En effet, la société indienne fait actuellement face à de rapides changements culturels qui ne sont pas sans répercussion sur l’évolution sociologique de la famille, alors qu’elle-même est au cœur de la société indienne. Composée de multiples facettes, la cellule familiale contemporaine va de la famille traditionnelle représentant plusieurs générations, à la famille nucléaire ou monoparentale.

La communauté catholique, d’une grande disparité économique, connaît, comme la société indienne dans son ensemble, une vague migratoire importante, que ce soit à l’intérieur du pays ou à l’étranger, pour des raisons principalement économiques. Ces dernières années, elle a également été malmenée par des mouvements extrémistes, au nombre desquels se trouve le BJP, le parti nationaliste hindou, actuellement au pouvoir à New Delhi, qui a fait voter des lois anti-conversion dans plusieurs Etats de l’Union, intensifiant ainsi les violences antichrétiennes.

Dans ce contexte complexe, les principaux enjeux concernant la famille en Inde sont donc vastes et le rapport de l’Eglise latine indienne distingue quatre grands enjeux assez interdépendants : le phénomène migratoire et la famille, l’impact socioculturel des révolutions numériques sur les familles, la nouvelle évangélisation auprès des périphéries et le défi pastoral des mariages mixtes.

Depuis quelques années, l’Eglise catholique constate une augmentation significative du nombre des mariages interreligieux. En effet, les mutations professionnelles, les nouveaux moyens de communication permettent aux jeunes Indiens de rencontrer des personnes différentes de leur environnement traditionnel. Pour le P. Michael Peters, théologien et spécialiste des mariages mixtes en Inde, « les moyens de communication actuels permettent aux jeunes de rencontrer des personnes de religion, de culture ou de caste différente de la leur ». Il existe ainsi de plus en plus de mariages d’amour, où les questions de religion et de foi deviennent secondaires, par opposition aux mariages traditionnels arrangés.

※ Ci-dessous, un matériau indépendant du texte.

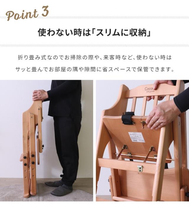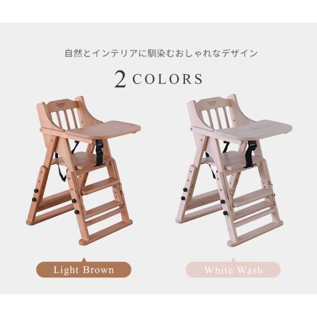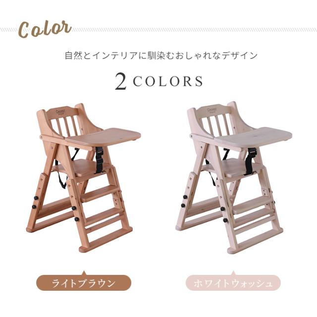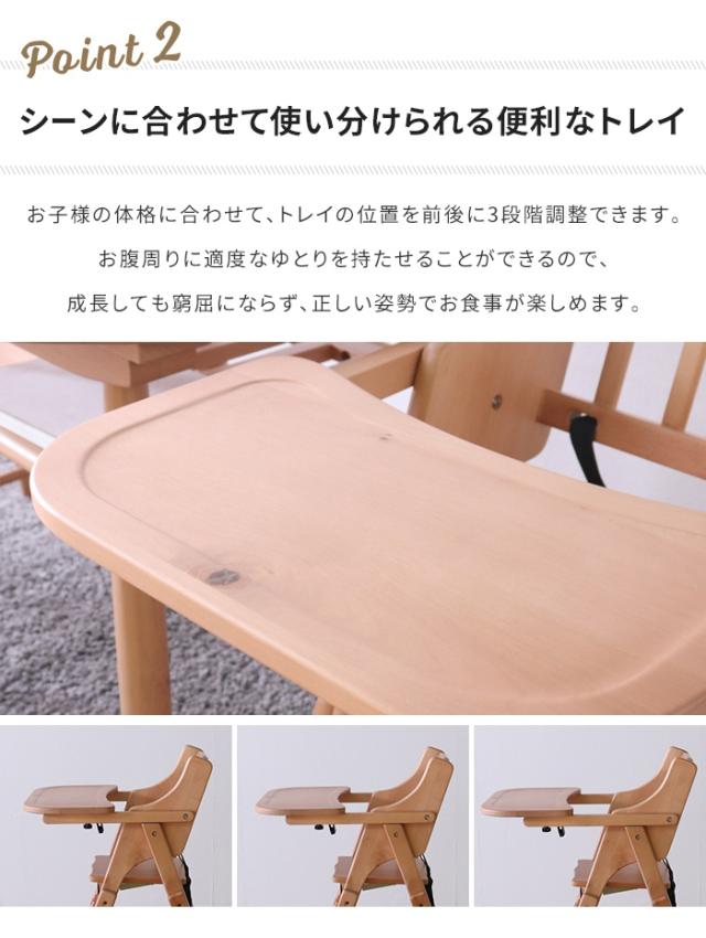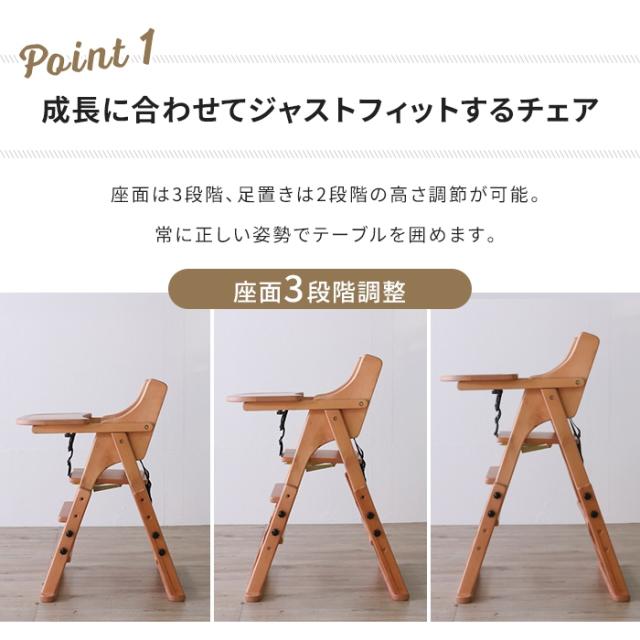 | ・推奨年齢:生後7か月〜(お座りができるようになって)から使用可能 ・折りたたみ式でコンパクトに収納可能 ・トレイ位置3段階調節可 ・座面高3段高さ調節可(42/45/48cm) ・足乗せ2段高さ調節可 ・すべり落ち防止ベルト付き ・床を傷つけにくくするため、フェルトを付属 ・北欧家具にも使われるバーチ材使用 ・ダイニングに馴染むシンプルデザイン |

Si, auparavant, l’Eglise catholique n’autorisait pas les mariages mixtes, aujourd’hui ce n’est plus le cas, puisque les jeunes gens peuvent solliciter une demande de dispense de disparité de culte, qui engage les conjoints dans le respect de la pratique de la foi du conjoint et la volonté d’élever les enfants dans la foi catholique. Si ces mariages mixtes sont une richesse pour l’Eglise, ils soulèvent néanmoins des questions complexes : en Inde, par exemple, le choix d’une religion aura des répercussions directes sur l’application de la loi relative au droit privé, qui diffère en fonction de la religion, notamment en ce qui concerne les mariages, le divorce et les successions.

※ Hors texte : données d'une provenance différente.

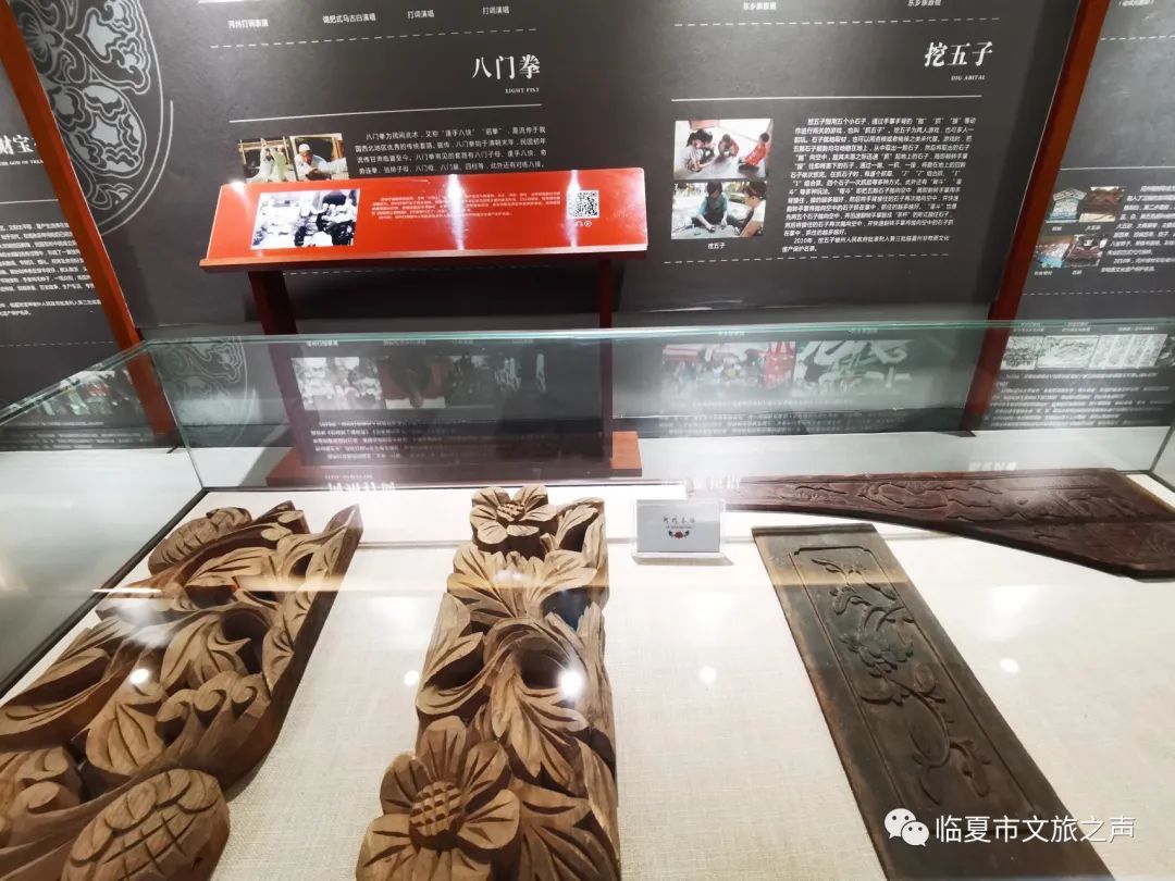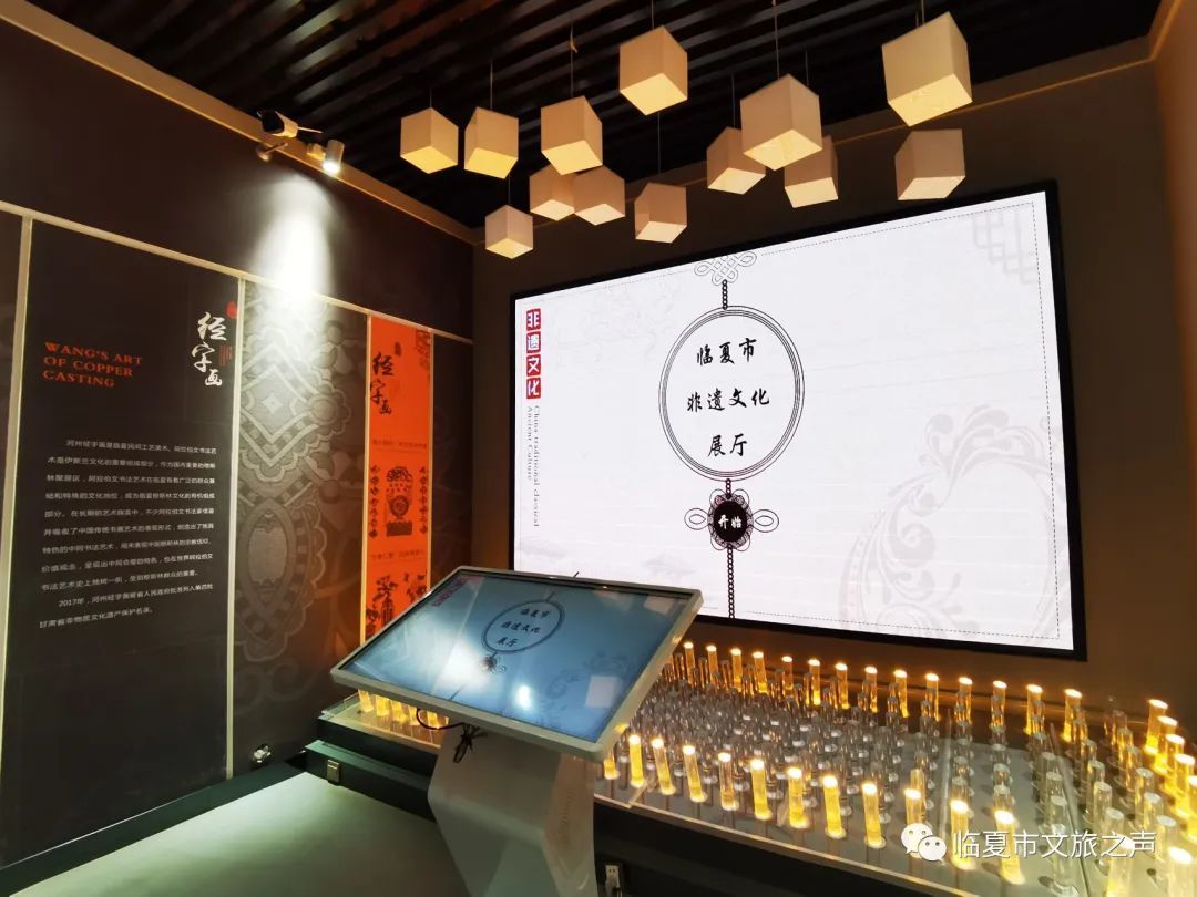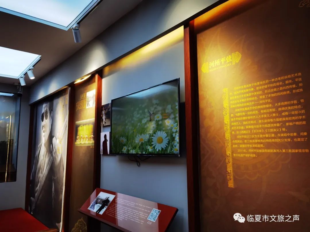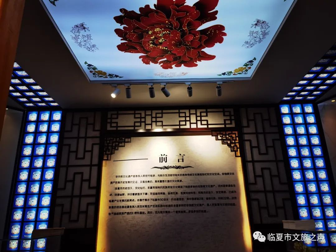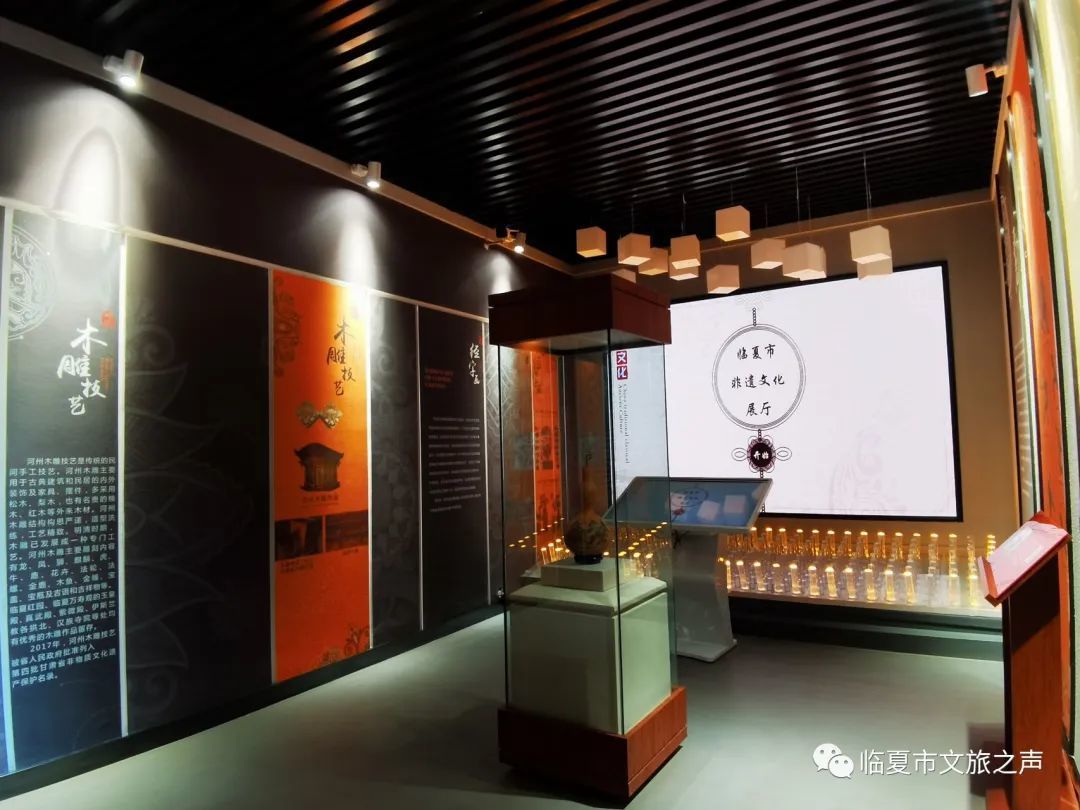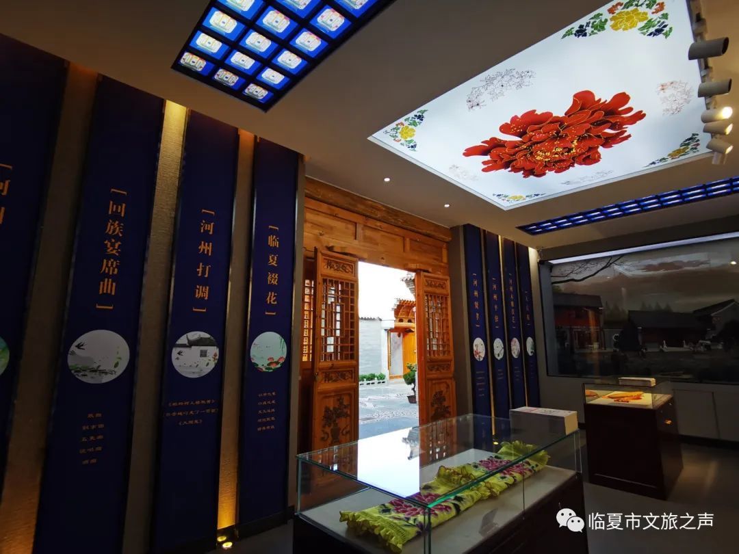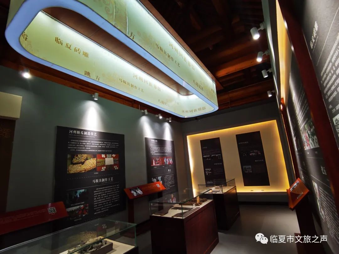 馆内陈列了国家级,省级,州级的各类非物质文化遗产,将全市国家级非遗项目2个,省级项目6个,州级项目38个非遗项目以图片展板,实物展示、宣传视频方式将临夏传统美食、节日、民间戏曲多方位展现出来,方便游客更全面的了解河州文化。这些临夏特有的文化产物也将为游客带来独具特色的观赏感和体验感。

Pour l’Eglise catholique, il est urgent de répondre aux besoins actuels de ces couples en proposant une pastorale adaptée, fondée sur l’écoute et l’accompagnement avant et après leur mariage, grâce notamment à des programmes d’accompagnement conjugal avec des spécialistes formés, au sein des paroisses. Le rapport note également le manque d’un guide pastoral permettant de pouvoir répondre à des questions pratiques, comme par exemple la question de suivre des offices dans une autre religion.

Les mouvements migratoires ont également un impact non négligeable sur les familles déjà constituées, notamment en fragilisant la cellule familiale : éloignement des couples de leur famille quand elles ne séparent pas les conjoints, augmentation des relations extraconjugales, divorces (en Inde, le taux de divorce est actuellement de 2 %). Comment l’Eglise peut-elle aider ces familles à rester unies ? D’après les réponses collectées, en étant proche de ses membres et en ayant une approche pastorale basée sur l’écoute, la compassion et la formation des couples.

Le rapport souligne également la prédominance du relativisme dans une société de plus en plus sécularisée et influencée par le matérialisme, l’hypersexualisation véhiculée par les médias et le culte du corps, dans un contexte de révolution numérique où tout paraît possible : vulgarisation des moyens de contraception, banalisation de la pornographie qui touche les enfants de plus en plus jeunes, augmentation des violences sexuelles envers les femmes et les enfants.

Le rapport met également en évidence l’augmentation du nombre des avortements, précisant que, comme dans la société indienne, « beaucoup de fidèles pensent que l’avortement n’est pas un péché ». Défi auquel l’Eglise cherche à répondre en développant des campagnes de conscientisation sur le respect de la vie à naître, en organisant des programmes d’éducation affective et sexuelle pour les plus jeunes, ou en proposant des programmes de formations aux méthodes de régulation naturelle des naissances pour les couples. Face à la révolution médiatique, un groupe d’experts catholiques a même prévu de créer une chaîne de télévision numérique catholique, afin de toucher la jeunesse et transmettre ainsi les valeurs familiales catholiques à travers des médias actuels.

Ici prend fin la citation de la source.